§ **Your objective**
Only the lines of the listing below that run from the line with "日版夏季oversize短袖t恤女情侣宽松百搭卡通印花纯棉半袖" through the line with "515 미니날개큰쐐기노린재 Himacerus" are to be set down, word for word. Pictures stay out.
Records for this exercise below:
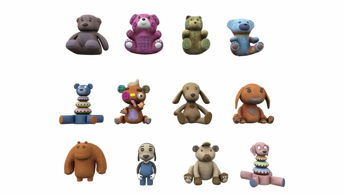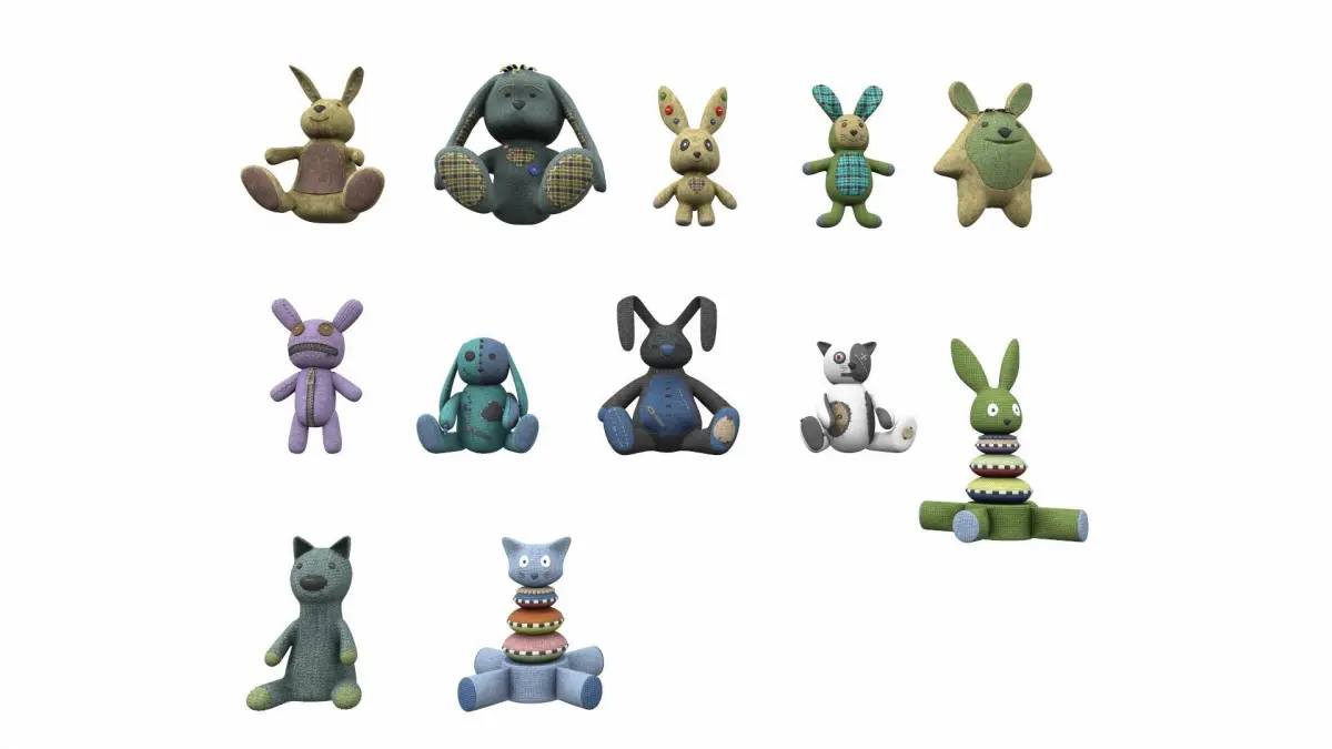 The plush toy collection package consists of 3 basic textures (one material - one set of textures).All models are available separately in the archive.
End of Records for this exercise.
Records for this exercise below:
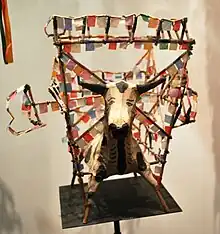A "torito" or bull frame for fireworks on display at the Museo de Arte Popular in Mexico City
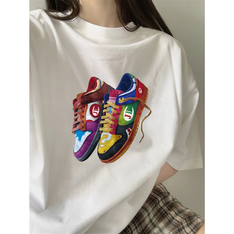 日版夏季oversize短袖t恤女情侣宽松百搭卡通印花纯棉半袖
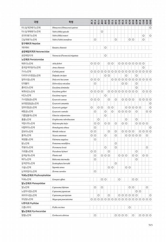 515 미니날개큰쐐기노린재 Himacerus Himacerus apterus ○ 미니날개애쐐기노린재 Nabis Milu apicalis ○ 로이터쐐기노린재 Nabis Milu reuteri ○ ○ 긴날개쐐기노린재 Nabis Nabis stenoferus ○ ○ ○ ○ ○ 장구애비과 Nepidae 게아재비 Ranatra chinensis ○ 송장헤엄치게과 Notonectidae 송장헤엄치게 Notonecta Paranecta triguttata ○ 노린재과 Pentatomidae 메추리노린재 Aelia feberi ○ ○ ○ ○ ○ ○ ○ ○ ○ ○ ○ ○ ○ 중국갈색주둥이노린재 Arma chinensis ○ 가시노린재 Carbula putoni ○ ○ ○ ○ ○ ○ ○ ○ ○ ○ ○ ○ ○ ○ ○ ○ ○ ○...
End of Records for this exercise.
Records for this exercise below:
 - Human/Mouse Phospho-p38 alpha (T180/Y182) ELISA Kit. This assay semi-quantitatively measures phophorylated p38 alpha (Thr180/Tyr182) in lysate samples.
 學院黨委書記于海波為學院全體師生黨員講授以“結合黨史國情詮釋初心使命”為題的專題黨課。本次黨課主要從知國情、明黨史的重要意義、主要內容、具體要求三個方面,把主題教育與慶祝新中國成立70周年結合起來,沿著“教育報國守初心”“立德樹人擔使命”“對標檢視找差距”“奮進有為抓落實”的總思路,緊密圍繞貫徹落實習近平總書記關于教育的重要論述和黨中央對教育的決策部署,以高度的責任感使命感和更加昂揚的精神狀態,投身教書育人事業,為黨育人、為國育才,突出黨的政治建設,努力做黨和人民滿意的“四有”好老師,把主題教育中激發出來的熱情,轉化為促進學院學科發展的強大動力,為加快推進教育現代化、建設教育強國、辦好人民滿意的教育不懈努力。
End of Records for this exercise.
§ **Your response**
 日版夏季oversize短袖t恤女情侣宽松百搭卡通印花纯棉半袖
 515 미니날개큰쐐기노린재 Himacerus Himacerus apterus ○ 미니날개애쐐기노린재 Nabis Milu apicalis ○ 로이터쐐기노린재 Nabis Milu reuteri ○ ○ 긴날개쐐기노린재 Nabis Nabis stenoferus ○ ○ ○ ○ ○ 장구애비과 Nepidae 게아재비 Ranatra chinensis ○ 송장헤엄치게과 Notonectidae 송장헤엄치게 Notonecta Paranecta triguttata ○ 노린재과 Pentatomidae 메추리노린재 Aelia feberi ○ ○ ○ ○ ○ ○ ○ ○ ○ ○ ○ ○ ○ 중국갈색주둥이노린재 Arma chinensis ○ 가시노린재 Carbula putoni ○ ○ ○ ○ ○ ○ ○ ○ ○ ○ ○ ○ ○ ○ ○ ○ ○ ○...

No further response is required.